There is a lot of complicated connections between patients, their provider, their diagnoses, etc., and graphically representing this relationship data is one of the main highlights of using a NoSQL graph database (Park, Shankar, Park, & Ghosh, 2014). NoSQL (Not only Structured Query Language) databases are databases that are used to store data in non-relational databases i.e. graphical, document store, column-oriented, key-value, and object-oriented databases (Sadalage & Fowler, 2012; Services, 2015). Graph NoSQL databases are used drawing networks by showing the relationship between items in a graphical format that has been optimized for easy searching and editing (Services, 2015). Each item is considered a node and adding more nodes or relationships while traversing through them is made simpler through a graph database rather than a traditional database (Sadalage & Fowler, 2012). Some sample graph databases consist of Neo4j Pregel, etc. (Park et al., 2014).
Case Study: Graph Databases for large-scale healthcare systems: A framework for efficient data management and data services (Park et al., 2014)
Driver for data analytics needs: Finding areas for cost savings through anomaly detection algorithms, because currently there are a bunch of individual tables and non-normalized data that are replicated multiple times which is causing bottlenecks.
Problem: Understanding and establishing relationships between self-referrals and shared providers, which allows for the use of a collaborative filter.
System Needs: Data management needs error-tolerant and non-redundant database system, while data services need data retrieval, analytics queries, statistical data extraction and mining algorithms.
NoSQL Database used: Neo4J graph NoSQL Database using Cypher query to keep the data normalized and reduce the number of individual tables of data due to the advanced yet simple query capabilities
Methodology: Using the 3EG: 3NF Equivalent Graph Transformation algorithm to convert traditional relational database data into graph database data on realistic synthetic healthcare data.
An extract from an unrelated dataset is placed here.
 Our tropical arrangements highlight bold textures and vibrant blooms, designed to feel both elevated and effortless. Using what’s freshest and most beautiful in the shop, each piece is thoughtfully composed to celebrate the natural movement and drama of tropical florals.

The synthetic healthcare data consists of zip-codes, diagnosis of disease, available procedures, beneficiary, claim, and providers. The data when flattened can showcase 1 M beneficiaries to 100 K providers, but in a graphical format, that same data will have 51 M nodes and 257 M relationships.
Queries Ran on the NoSQL Database:
- Shared providers between two beneficiaries
- Shared providers between two beneficiaries through either actual visits or by referrals
- List of shared diseases between two beneficiaries through their claim records
- Any link between two beneficiaries à helps to direct further investigations/queries
- Shared beneficiaries between two providers
- Self-referred beneficiaries for a given provider
- Similar claims based on diagnoses codes
- Patient wants to switch to a new provider based on a referral by another provider
Using 50 random queries for each of the 8 cases above: the time it took to run the first three cases was faster in a MySQL query, but by less than 0.0X seconds, whereas the last 5 cases the NoSQL was faster ranging from 0.5-40 seconds. As data size grew so did the processing time for the last five cases on MySQL grew.
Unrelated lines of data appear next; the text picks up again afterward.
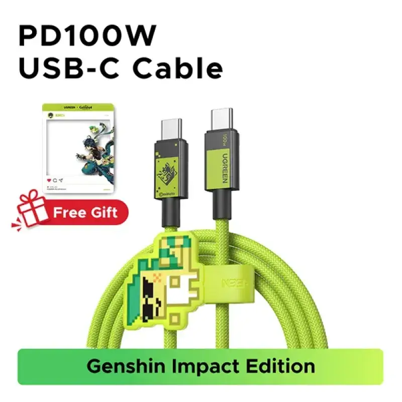 The Ugreen L512 (45063GI) USB-C to USB-C 5A PD Fast Charging Cable Genshin Impact Edition is now available in Bangladesh. Get the original Ugreen products at the most affordable price only at Ajkershop, and enjoy premium quality with the promise of the best customer service in Bangladesh.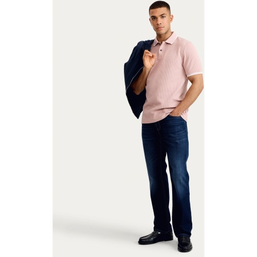 Cotton Blend Textured Short Sleeved Polo Shirt in Pink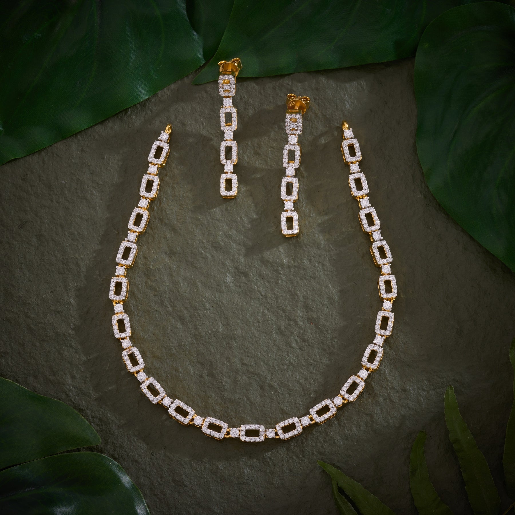 The Recta CZ Linkora Necklace Set features interconnected Rectangular motifs brilliantly adorned with Cubic Zirconia stones. Each geometric segment links seamlessly, creating a modern, structured design with exceptional sparkle and sophistication.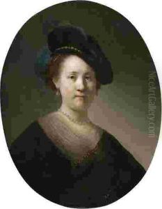 Portrait Of A Lady Wearing A Velvet Cap And Pearl Earring

Conclusions: The authors were able to show that with more highly advanced cases, MySQL takes more time than NoSQL. Thus, for big data analytics, NoSQL graph databases can help store dynamic relationship data as well as process more complex queries using fewer lines of code and faster than MySQL queries. This style of storing data allows the end-user in the healthcare field to ask more complex questions and get those answers promptly.
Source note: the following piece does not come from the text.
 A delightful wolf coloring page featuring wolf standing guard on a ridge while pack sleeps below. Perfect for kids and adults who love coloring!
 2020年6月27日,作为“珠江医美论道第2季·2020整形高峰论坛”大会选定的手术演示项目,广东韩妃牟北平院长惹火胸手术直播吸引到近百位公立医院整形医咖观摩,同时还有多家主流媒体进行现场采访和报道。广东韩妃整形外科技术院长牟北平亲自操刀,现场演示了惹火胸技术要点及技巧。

- Park, Y., Shankar, M., Park, B. H., & Ghosh, J. (2014). Graph databases for large-scale healthcare systems: A framework for efficient data management and data services. In Data Engineering Workshops (ICDEW), 2014 IEEE 30th International Conference on (pp. 12-19). IEEE.
- Sadalage, P. J., Fowler, M. (2012). NoSQL Distilled: A Brief Guide to the Emerging World of Polyglot Persistence, 1st Edition. [Bookshelf Online].
- Services, E. E. (2015). Data Science and Big Data Analytics: Discovering, Analyzing, Visualizing and Presenting Data, 1st Edition. [Bookshelf Online].